Market-defying growth surge for UK’s gaming sector
The UK’s £4 billion gaming sector is predicted to almost triple in value within the next three years, providing jobs for more than 80,000 people by 2025.
The findings come from a new report set to be released this month by global recruitment agency Robert Walters – Gaming: the perfect play for growth – which highlights how gaming is the only industry within the leisure and entertainment sector to have defied the odds during Covid-19, making more than the video, music and film industries combined during lockdown.
The report predicts that the value of the UK gaming sector will reach £10 billion by 2023.
By the end of the first quarter of 2020 alone, digital downloading increased by 67% week-on-week and physical game sales increased by a staggering 218% amid widespread anticipation of lockdown measures.
Tom Chambers, senior manager technology at Robert Walters, comments: “In a world where blockbuster premieres, national sporting events, and hospitality and leisure were all vetoed, gaming has further infiltrated the daily lives of multiple generations as one of the only accessible lockdown past-times.”

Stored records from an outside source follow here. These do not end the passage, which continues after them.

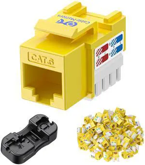 [UL Listed] Cable Matters 25-Pack 10Gbps Cat6 Keystone Jacks, RJ45 Keystone Jack, Ethernet Modular Jack in Yellow with Punch-Down Stand for Patch Panel and Wall Plate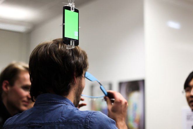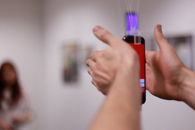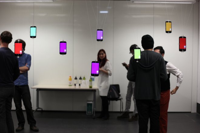 Trong một cuộc triển lãm, Hernan treo các smartphone đã cài sẵn ứng dụng đo sóng.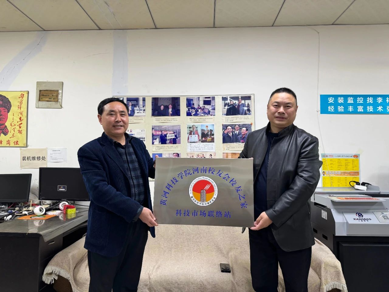 大家首先走访了1991级中文专业校友李祥。贺勇为李祥校友授牌,正式设立“河南校友会校友之家科技市场联络站”。作为郑州创谷汇商贸有限公司总经理,李祥深耕商贸领域多年,并担任河南省人大特邀公民代表及郑州市多项公共事务听证会代表等社会职务,展现了校友的卓越影响力和社会担当。交流中,校友们共忆校园时光,畅谈创业历程,现场氛围热烈浓厚。
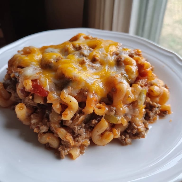Save It A comforting, budget-friendly casserole featuring tender macaroni, savory ground beef, and a rich tomato sauce, perfect for family dinners.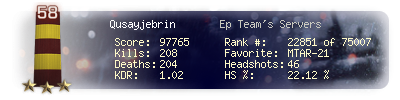 | Headshots | 46 | Suicides | 5 | Headshot / Kill | 22.12 % |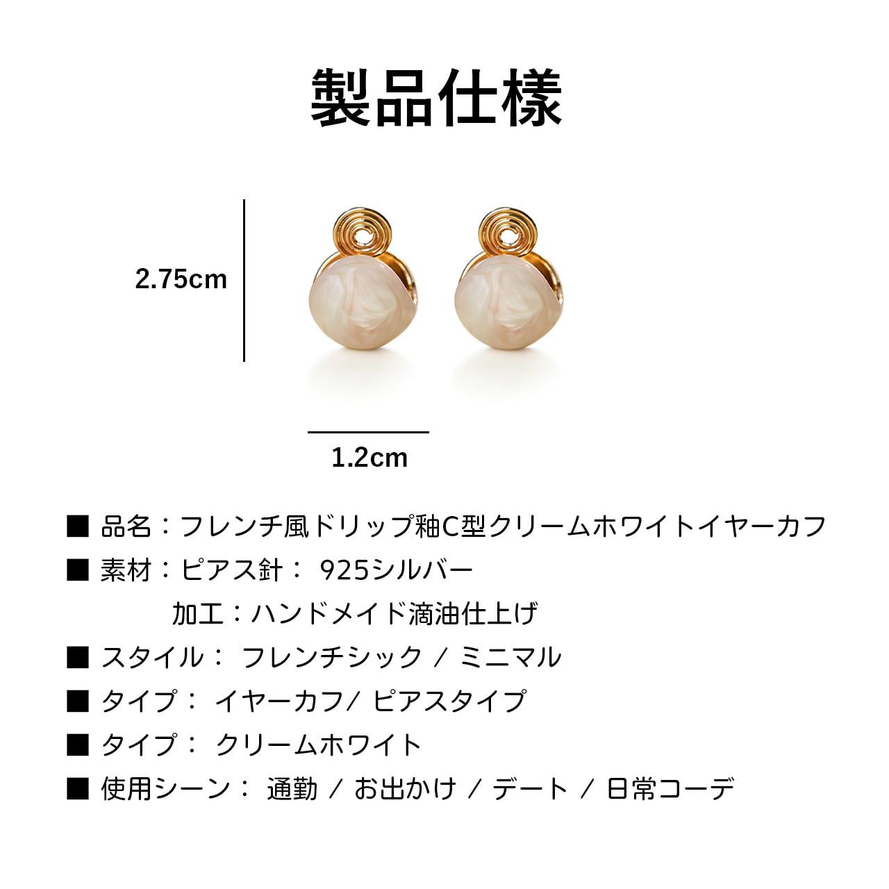 👗 フレンチ風ドリップ釉C型クリームホワイトイヤーカフ

He adds that accessibility is at an all-time high, with games now available on mobiles, apps and PCs. “During lockdown there was a substantial rise in new users looking to bridge the social limitation with friends and family by playing together online – this was particularly notable with the over 60s market who took to gaming to ‘keep their brain in shape’ and play with grandchildren,” he says.
Job Vacancies on the Rise
Gaming companies have continued to show an increase in vacancies of 20% year-on-year across all areas, with IT vacancies up by 43%. In particular this year, roles in game programming (+154%), project management (+140%), developers (+91%), audio/video specialists (+76%), and artist/creative (+59%) will explode, as the race continues to keep up with global demand.The sector currently employs 27,000 people in the UK – but this is expected to rise to more than 80,000 in five years on the back of the industry’s rapid expansion.
Chambers adds: “A number of countries have firmly cemented their reputation as big players in the gaming market – in particular largely populated and tech proficient countries such as Japan, South Korea, China, and the US.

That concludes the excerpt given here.